WHAT YOU HAVE TO DO: Restate, exactly as written, the entries below from the line that holds "Enlarge this picture" through the line that holds "Figure 4: Waste dump area.". Pictures are not part of the copy.

AVAILABLE RECORDS:
== Segment start ==
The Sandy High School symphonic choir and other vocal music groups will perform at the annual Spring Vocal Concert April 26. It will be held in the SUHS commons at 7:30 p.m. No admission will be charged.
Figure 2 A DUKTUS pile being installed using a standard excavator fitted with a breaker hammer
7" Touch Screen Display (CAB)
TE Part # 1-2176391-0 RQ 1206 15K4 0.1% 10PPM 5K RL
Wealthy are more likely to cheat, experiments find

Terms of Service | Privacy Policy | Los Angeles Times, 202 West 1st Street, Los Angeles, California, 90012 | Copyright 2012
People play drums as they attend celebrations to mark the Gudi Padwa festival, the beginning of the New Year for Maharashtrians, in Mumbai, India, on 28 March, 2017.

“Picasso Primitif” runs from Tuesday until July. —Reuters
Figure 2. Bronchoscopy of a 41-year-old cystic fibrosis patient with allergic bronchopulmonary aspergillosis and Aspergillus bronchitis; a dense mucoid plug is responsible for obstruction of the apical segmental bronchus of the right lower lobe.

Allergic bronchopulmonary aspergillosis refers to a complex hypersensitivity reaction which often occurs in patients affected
== Segment end ==
== Segment start ==
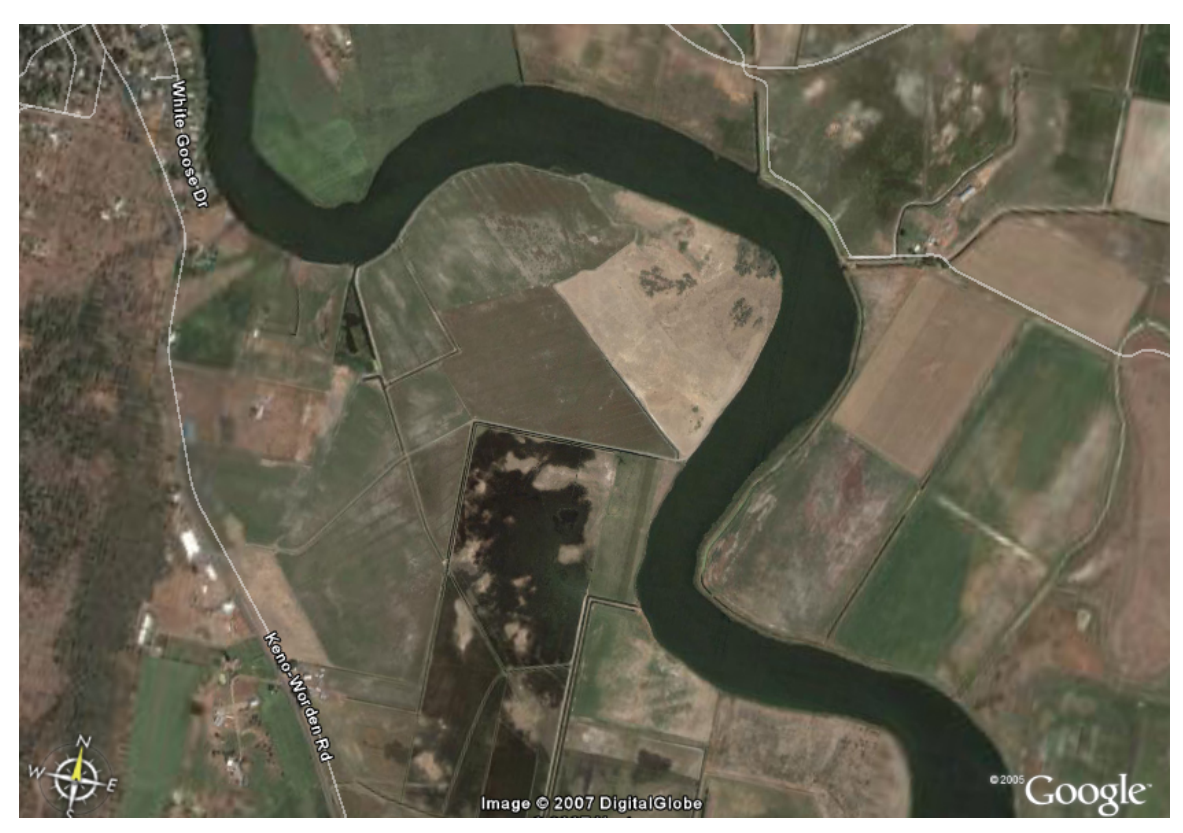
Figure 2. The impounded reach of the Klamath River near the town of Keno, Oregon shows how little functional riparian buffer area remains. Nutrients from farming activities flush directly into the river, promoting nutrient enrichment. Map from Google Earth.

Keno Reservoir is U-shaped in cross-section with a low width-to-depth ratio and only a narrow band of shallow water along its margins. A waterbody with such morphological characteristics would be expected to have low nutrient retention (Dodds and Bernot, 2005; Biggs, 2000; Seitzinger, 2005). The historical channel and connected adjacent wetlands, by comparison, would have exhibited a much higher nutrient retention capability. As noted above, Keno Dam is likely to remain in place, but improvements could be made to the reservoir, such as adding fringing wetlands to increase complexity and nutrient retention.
== Segment end ==
== Segment start ==
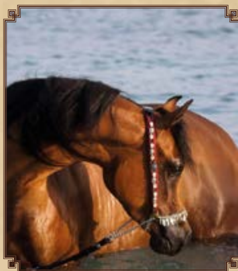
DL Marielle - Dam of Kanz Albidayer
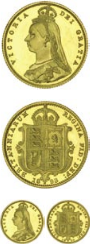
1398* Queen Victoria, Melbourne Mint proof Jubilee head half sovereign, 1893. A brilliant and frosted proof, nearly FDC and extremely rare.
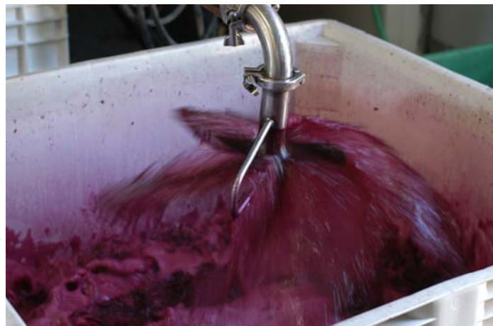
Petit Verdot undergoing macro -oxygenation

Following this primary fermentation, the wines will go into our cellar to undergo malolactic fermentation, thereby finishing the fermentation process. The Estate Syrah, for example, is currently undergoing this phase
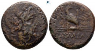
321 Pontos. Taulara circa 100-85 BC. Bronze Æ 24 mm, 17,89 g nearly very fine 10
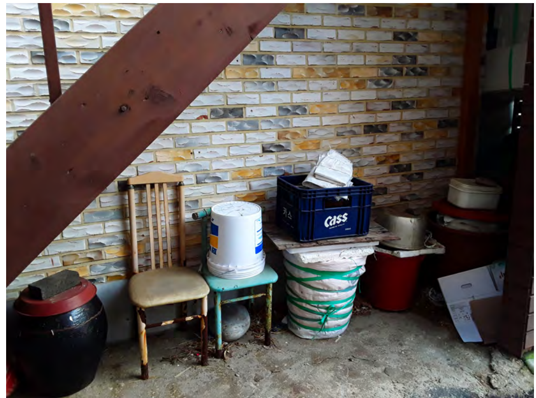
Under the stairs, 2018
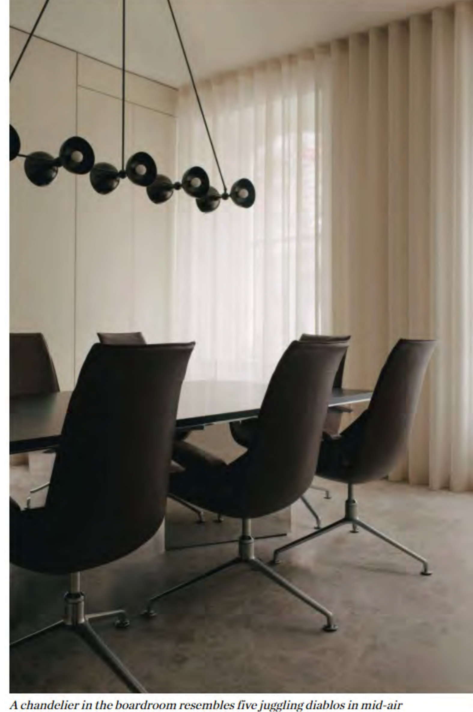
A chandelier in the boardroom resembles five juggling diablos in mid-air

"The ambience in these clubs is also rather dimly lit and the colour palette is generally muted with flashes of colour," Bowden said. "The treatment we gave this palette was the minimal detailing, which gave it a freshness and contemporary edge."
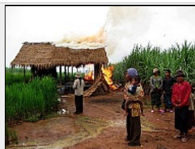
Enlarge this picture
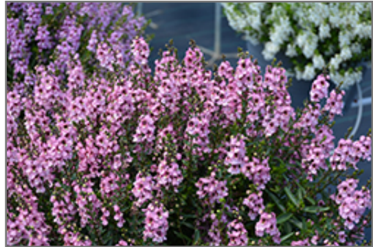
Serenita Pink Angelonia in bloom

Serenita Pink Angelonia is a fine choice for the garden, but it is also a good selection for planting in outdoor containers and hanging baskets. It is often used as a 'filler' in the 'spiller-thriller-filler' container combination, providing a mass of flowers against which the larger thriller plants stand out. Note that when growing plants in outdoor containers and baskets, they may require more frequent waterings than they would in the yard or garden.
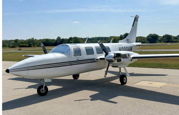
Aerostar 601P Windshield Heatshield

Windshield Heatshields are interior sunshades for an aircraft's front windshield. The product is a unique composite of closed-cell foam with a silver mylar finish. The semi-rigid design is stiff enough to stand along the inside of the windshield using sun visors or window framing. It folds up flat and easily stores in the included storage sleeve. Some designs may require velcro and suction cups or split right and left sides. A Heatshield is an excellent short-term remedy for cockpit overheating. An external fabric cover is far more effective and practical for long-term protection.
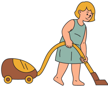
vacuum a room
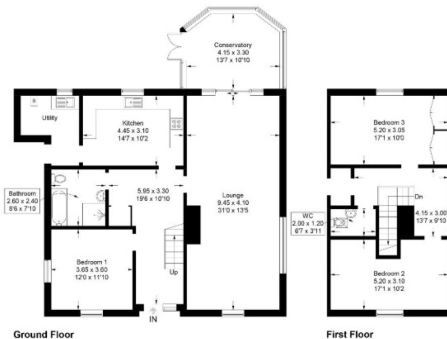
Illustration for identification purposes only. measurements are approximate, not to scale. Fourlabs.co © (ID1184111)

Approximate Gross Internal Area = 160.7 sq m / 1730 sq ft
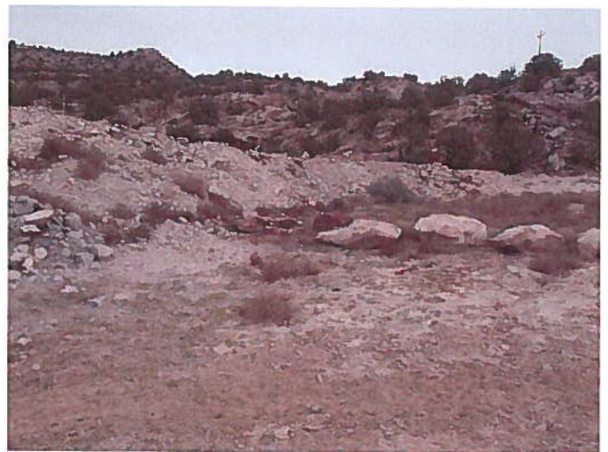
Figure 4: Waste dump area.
== Segment end ==
EXERCISE SOLUTION:
Enlarge this picture
Serenita Pink Angelonia in bloom

Serenita Pink Angelonia is a fine choice for the garden, but it is also a good selection for planting in outdoor containers and hanging baskets. It is often used as a 'filler' in the 'spiller-thriller-filler' container combination, providing a mass of flowers against which the larger thriller plants stand out. Note that when growing plants in outdoor containers and baskets, they may require more frequent waterings than they would in the yard or garden.
Aerostar 601P Windshield Heatshield

Windshield Heatshields are interior sunshades for an aircraft's front windshield. The product is a unique composite of closed-cell foam with a silver mylar finish. The semi-rigid design is stiff enough to stand along the inside of the windshield using sun visors or window framing. It folds up flat and easily stores in the included storage sleeve. Some designs may require velcro and suction cups or split right and left sides. A Heatshield is an excellent short-term remedy for cockpit overheating. An external fabric cover is far more effective and practical for long-term protection.
vacuum a room
Illustration for identification purposes only. measurements are approximate, not to scale. Fourlabs.co © (ID1184111)

Approximate Gross Internal Area = 160.7 sq m / 1730 sq ft
Figure 4: Waste dump area.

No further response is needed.